Was he begotten as in his mind? He thought it out to have a son? I mean from what I understand you believe that God has always existed as he is now. Nothing more or nothing less. You beleive that the Son has always existed but was not the Father but was one with the Father. Yet there is only one God. How was Jesus begotten. Why does begotten in the bible different for us than God?
The term "begotten" speaks of the Father as Jesus' Source or Origin, the Son is from or of the Father, but not as a creature, and not as a human son is from or of his human father. It speaks to a fundamentally greater reality than we can fully comprehend.
Here is how Fr. Hans Urs von Balthasar in his word
Credo puts it,
"
That he is Father we know in utmost fullness from Jesus Christ, who constantly makes loving, thankful, and reverent reference to him as his Origin.
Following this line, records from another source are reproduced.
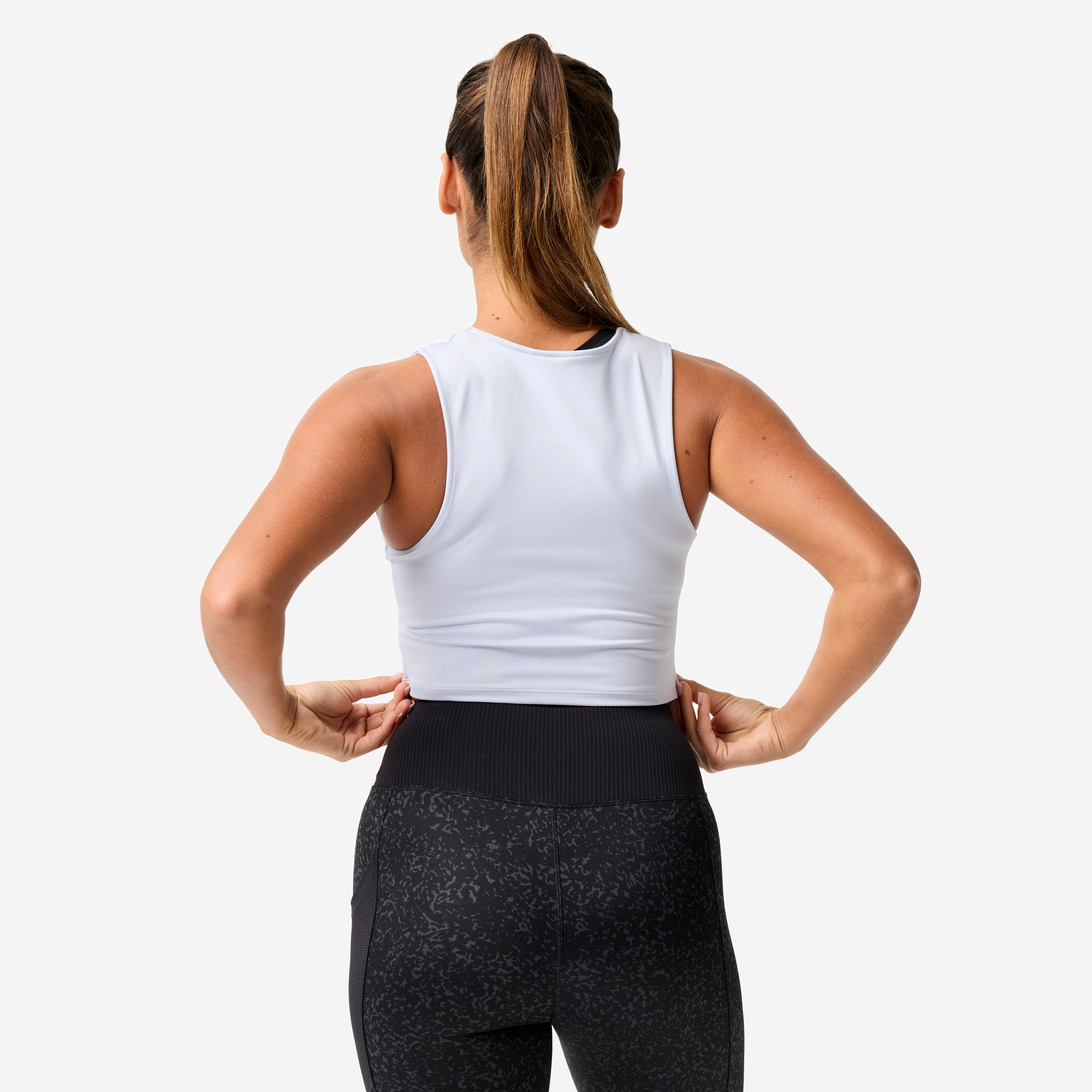 Το αμάνικο μπλουζάκι της σεζόν! Η crop γραμμή του συνδυάζεται με την άνεση του διαπνέοντος ελαστικού υφάσματος και την ψηλή λαιμόκοψη. Φορέστε το πάνω από ένα αθλητικό σουτιέν!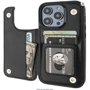 iPhone 14 Pro Wallet Case with Card Holder, PU Leather Kickstand Card Slots Case
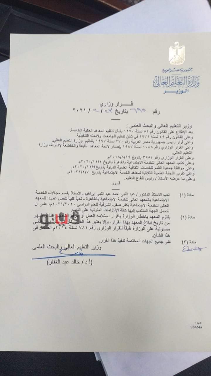 العالى للخدمة الاجتماعية بالقاهرة ندبا كليا الى وظيفة عميد المعهد العالى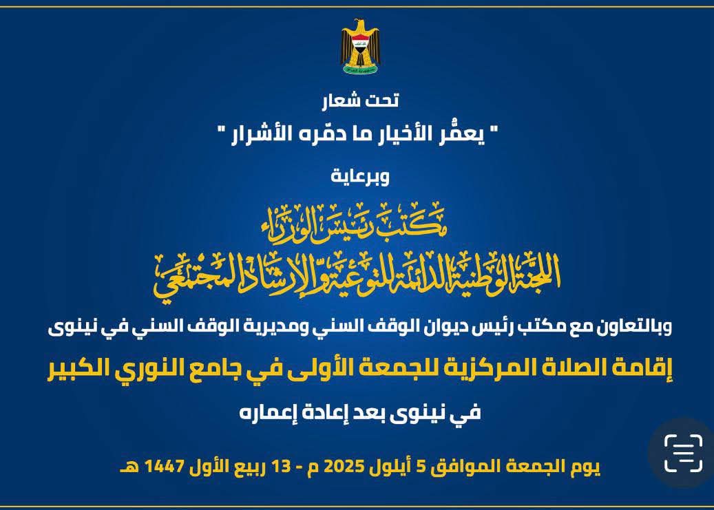 تحت شعار ((يعمر الأخيار ما دمره الأشرار))، وبرعاية مكتب رئيس مجلس الوزراء، شهد جامع النوري الكبير في محافظة نينوى إقامة الصلاة المركزية للجمعة الأولى بعد إعادة بنائه وتأهيله من آثار العدوان الإرهابي الذي طال بنيته وتاريخه وهويته. ويأتي هذا الحدث ضمن جهود الدولة في تعزيز الاستقرار والسلم المجتمعي.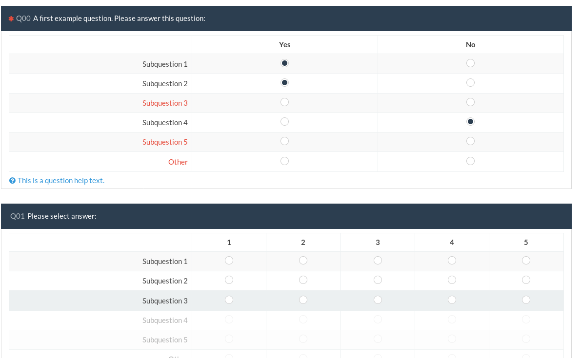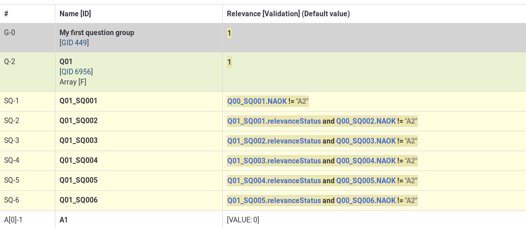 are REALLY unclear …Q00 > SQ001 - NO then in table Q01, Q02 > SQ001 will turn off/disable/inactive.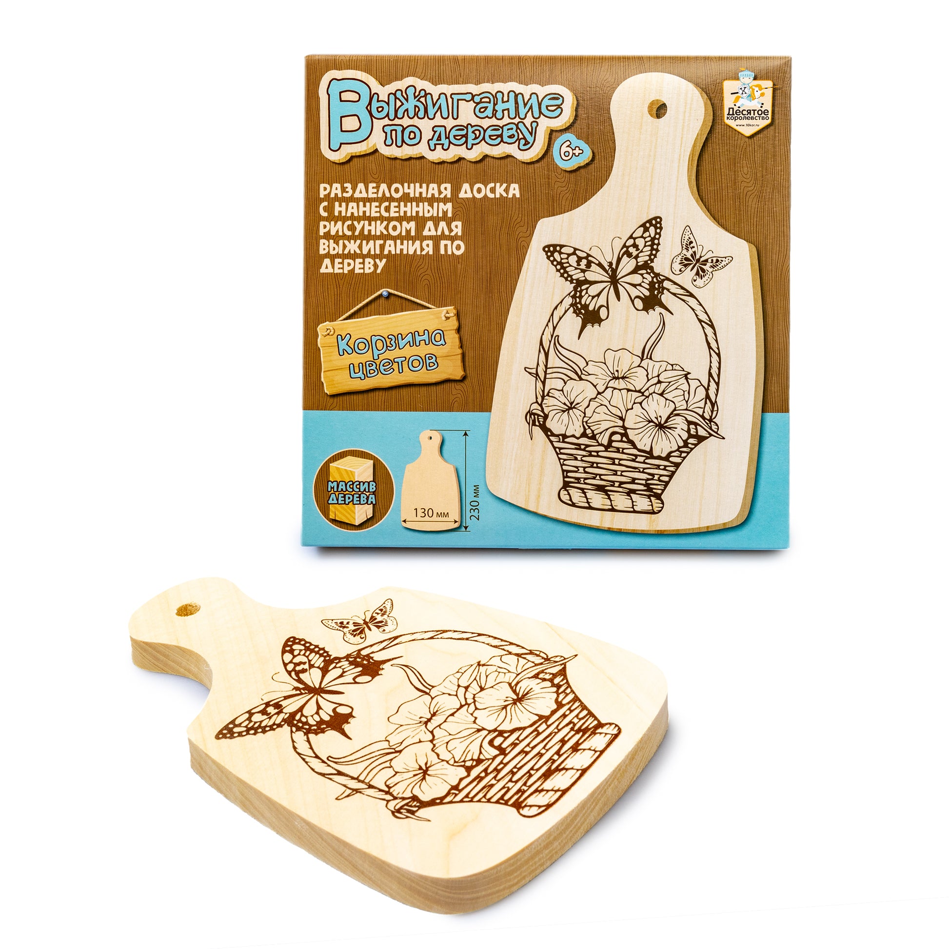 Handling time: 24 days Разделочная доска для выжигания с нанесённым рисунком «Корзина цветов». Состав: доска с рисунком – 1 шт. (13 х 23 см). Материал: массив дерева. Предназначено для детей от 6 лет. Творческий процесс выжигания развивает мелкую моторику рук, внимание, усидчивость и фантазию.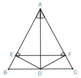Cho tam giác ABC có AB = AC. Gọi AD là tia phân giác của (D ∈ BC). Kẻ DE ⊥ AB tại E, DF ⊥ AC tại F.

It is because he bears fruit out of himself and requires no fructifying that he is called Father, and not in the sexual sense, for he will be the Creator of man and woman, and thus contains the primal qualities of woman in himself in the same simultaneously transcending way as those of man. (The Greek gennad can imply both siring and bearing, as can the word for to come into being: ginomai.) Jesus’ words indicate that this fruitful self-surrender by the primal Origin has neither beginning nor end: It is a perpetual occurrence in which essence and activity coincide. Herein lies the most unfathomable aspect of the Mystery of God: that what is absolutely primal is no statically self-contained and comprehensible reality, but one that exists solely in dispensing itself: a flowing wellspring with no holding-trough beneath it, an act of procreation with no seminal vesicle, with no organism at all to perform the act. In the pure act of self-pouring-forth, God the Father is his self, or, if one wishes, a “person” (in a transcending way)."
And later
"
That God is Father also means that he has a child. We transient creatures are not this child that God must have if he is to be called Father. There are billions of us, and none of us has a permanence that might be even remotely comparable to that of God. No, in order to be called Father, one who surrenders himself eternally, God must have a “single,” “only begotten” Son. (We call him Son, and not Daughter, because he will appear in the world as male, and will do so in order to represent to us the authority of the fruitful fatherly Origin.) Christianity stands or falls with this assertion that there is an inner-divine fruitfulness (the Spirit will be named in the immediately following article), for if God is not in himself love, then, in order to be love, he would need the world, and that would spell the end of his divinity—or we would have to characterize ourselves as part of God and thus ascribe necessity to ourselves."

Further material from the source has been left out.